O espaço, dirigido pela secretaria de cultura do Ceará em parceria com o Instituto Mirone, foi ajustado e agora conta com quatro galerias, um teatro com 500 lugares, anfiteatro, áreas técnicas, laboratórios de artes e ofícios, livraria, apartamentos para residências artísticas e um planetário.
A mostra, no átrio do prédio, pretende levar o público a uma mergulho gradual nas reflexões da arte, uma vez que afirma Rosely Nakagawa, diretora da instituição e fundadora da primeira galeria de retrato de São Paulo, a Fotoptica, com Thomaz Farkas, em 1979.

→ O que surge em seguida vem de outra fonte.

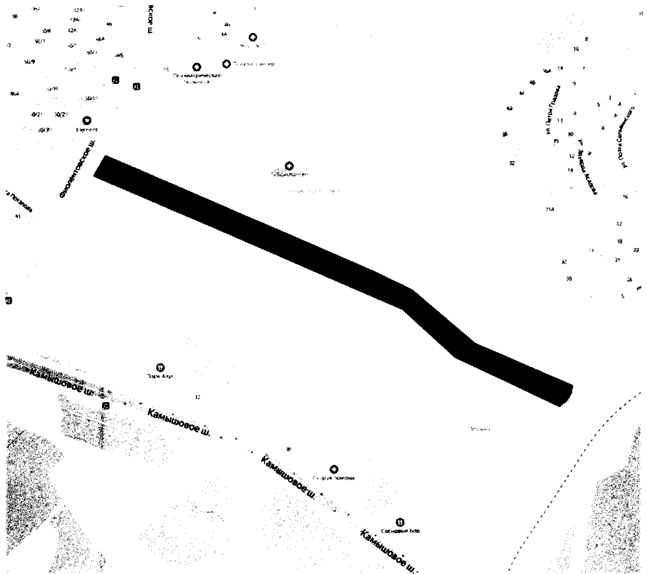
СХЕМА РАСПОЛОЖЕНИЯ улицы «Пелагеи Мазуровой»

Приложение № 1 к постановлению Правительства Севастополя от 29.12.2021 № 726-ПП
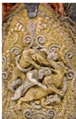
Baudrier avec motif d'animal (détail), milieu du XVII e siècle

LE CENTRE DE RECHERCHE DU CHÂTEAU DE VERSAILLES organise un colloque international, dans le cadre du programme de recherche « Se vêtir à la Cour : typologie, usages et économie », sur les cultures matérielles et visuelles du costume dans les cours européennes (1300-1815).

“Meu trabalho sempre foi muito voltado para a formação. Não acredito que exista um espaço que tenha o público só para fruição, acredito muito em uma interlocução mais próxima do artista com o público, do artista com o artista”, avalia Nakagawa.
“Nós queremos fazer uma conexão nivelado e vertical, não separar a cultura popular da cultura contemporânea, e as equipes foram montadas pensando da mesma maneira.”

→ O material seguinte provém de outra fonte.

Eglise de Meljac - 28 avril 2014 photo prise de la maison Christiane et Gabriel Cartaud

Um dos nomes é Bitu Cassundé, gerente de patrimônio cultural e memória do meio cultural, nascido no Ceará e com experiência em curadorias por todo o país. Outro é Américo Córdula, gerente de teatro, que ocupou cargos no Ministério da Cultura durante as gestões de Gilberto Gil e Juca Ferreira.
As xilogravuras de Soares demonstram essa atenção às manifestações locais. O artista produziu 45 ex-libris, xilogravados em madeiras da obra, representando elementos associados aos operários. Alguns deles, uma vez que o de Cícero, relaxando em um ofurô sem perceber uma serpente que ronda a banheira, leva a imaginação para um poema de cordel.

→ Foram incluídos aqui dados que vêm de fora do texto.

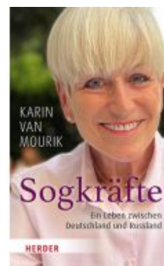
Sogkräfte Ladenpreis: 20,60EUR
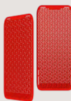
Protector Air Back

Level: Level 1 und Level 2 2704-0751 und 2704-0752
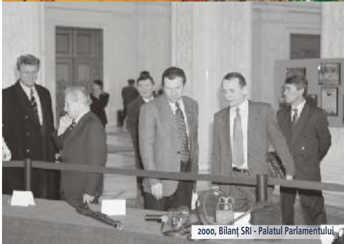
2000, Bilanș SRI - Palatul Parlamentului
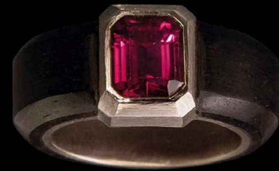
RING 750 Weißgold & Ebenholz | Rosa Turmalin 2,24 Carat
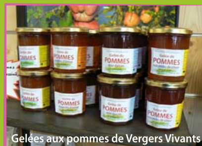
Gelées aux pommes de Vergers Vivants

Nos producteurs locaux ont préparé leurs recettes de printemps : Sirop de primevères, confiture cramailotte, gelée de bourgeons de sapin, pesto d'ail des ours, mélanges fleuris pour infusions... Et Vergers Vivants a concocté de délicieuses gelées aux pommes.
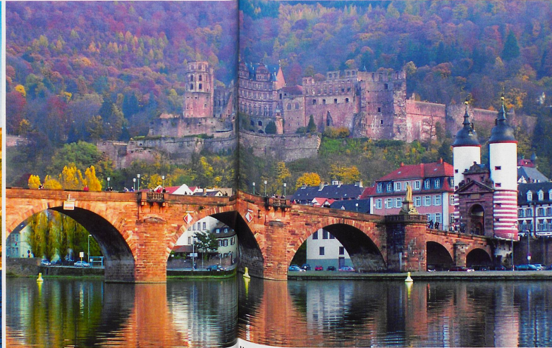
Impossible de ne pas la prendre en photo. La forteresse Heidelberg (1398-1410) est devenue au fil des siècles une majestueuse demeure surplombant la rivière Neckar.
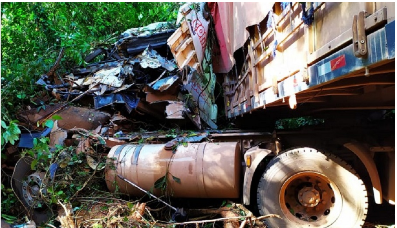
Carreta saiu da pista na BR-163

O xilógrafo apresenta ainda o carrinho “Xiloambulando”, inspirado no de vendedores de tapioca da região e equipado com uma prensa para imprimir imagens das matrizes.
O meio cultural, referência para os 29 municípios do Cariri cearense, é um parque com áreas verdes para fruição junto à natureza, quadras para esportes e pistas de skate. Nos finais de semana, recebe tapume de três milénio pessoas, por vezes, atraídos para outras atividades, mas que acabam explorando as exposições nas galerias do prédio.
“A gente vê lá no guarda-volumes que tem muchacho que entra com a chuteira, guarda lá para poder visitar e às vezes esquece, esquece a globo, e esse público normalmente não visitaria se fosse um museu”, diz Nakagawa.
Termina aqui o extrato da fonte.